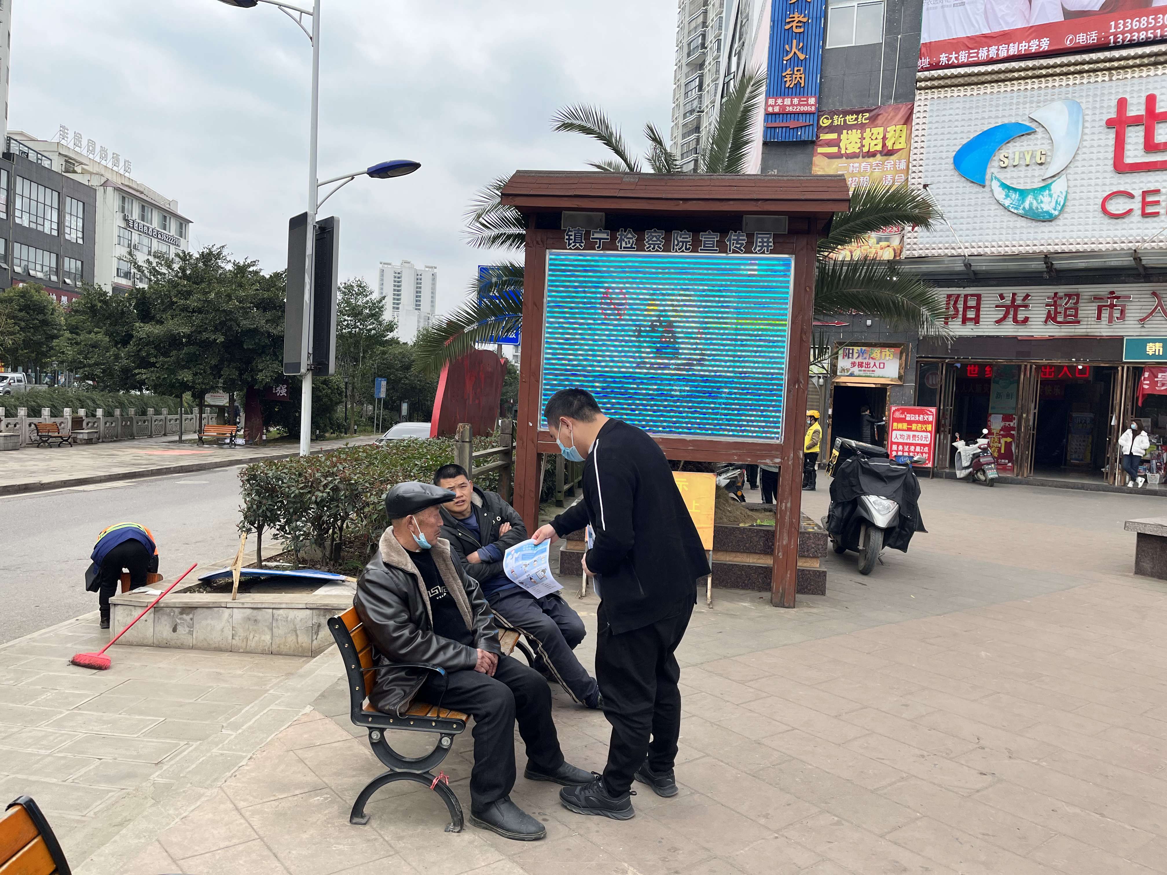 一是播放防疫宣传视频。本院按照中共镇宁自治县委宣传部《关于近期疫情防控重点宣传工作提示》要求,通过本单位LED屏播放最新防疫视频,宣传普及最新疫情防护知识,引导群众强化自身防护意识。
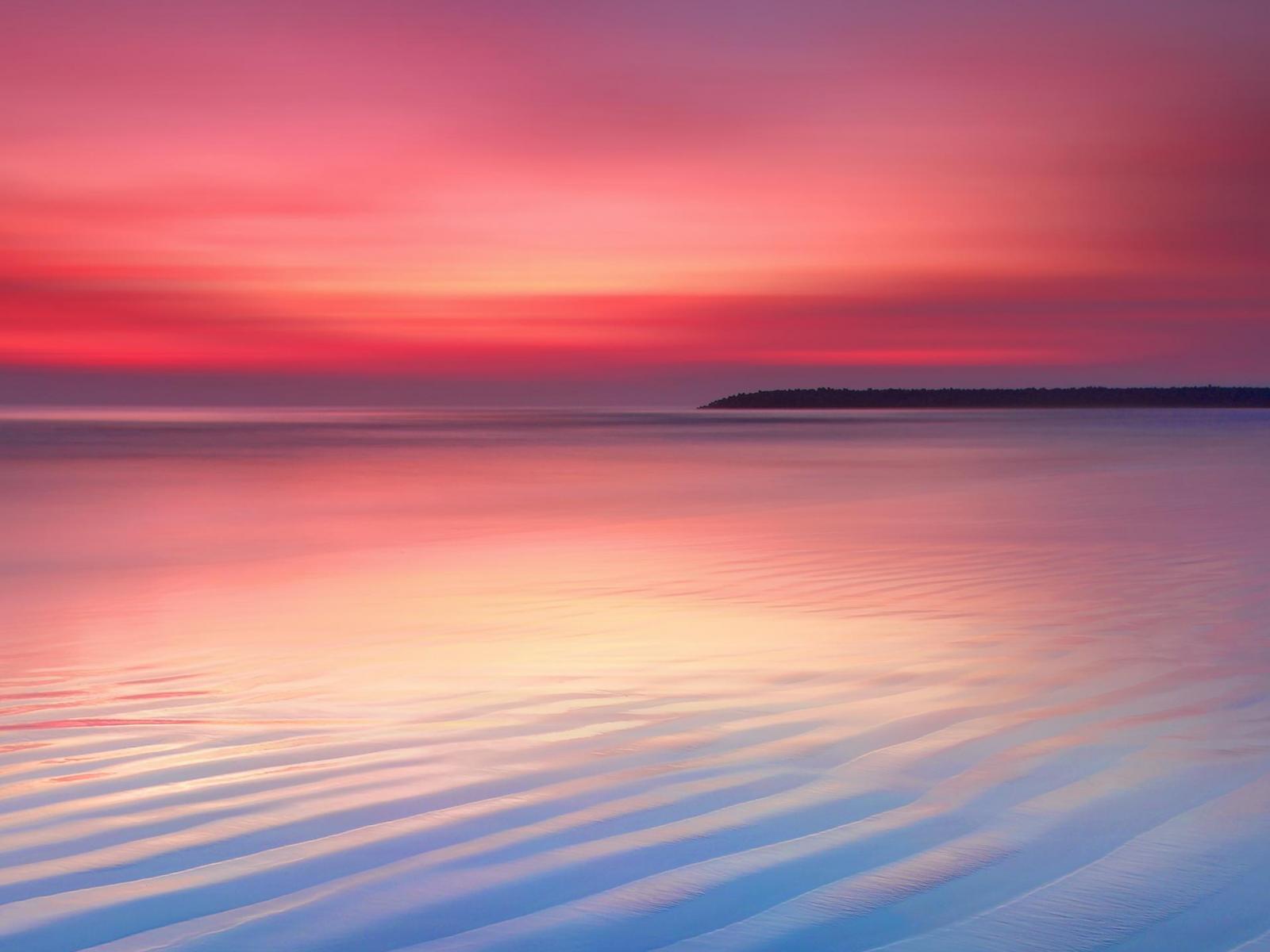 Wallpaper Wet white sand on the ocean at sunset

■ ■ ■

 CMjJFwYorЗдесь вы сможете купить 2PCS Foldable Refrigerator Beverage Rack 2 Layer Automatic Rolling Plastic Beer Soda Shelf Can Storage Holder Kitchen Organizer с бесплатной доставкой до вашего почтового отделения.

■ ■ ■

Instructions for the task: Give again the lines of the listing above that run from the one with "一是播放防疫宣传视频。本院按" up to and including the one with "Wallpaper Wet white". Keep them exact and omit the pictures.

Exercise solution:
 一是播放防疫宣传视频。本院按照中共镇宁自治县委宣传部《关于近期疫情防控重点宣传工作提示》要求,通过本单位LED屏播放最新防疫视频,宣传普及最新疫情防护知识,引导群众强化自身防护意识。
 Wallpaper Wet white sand on the ocean at sunset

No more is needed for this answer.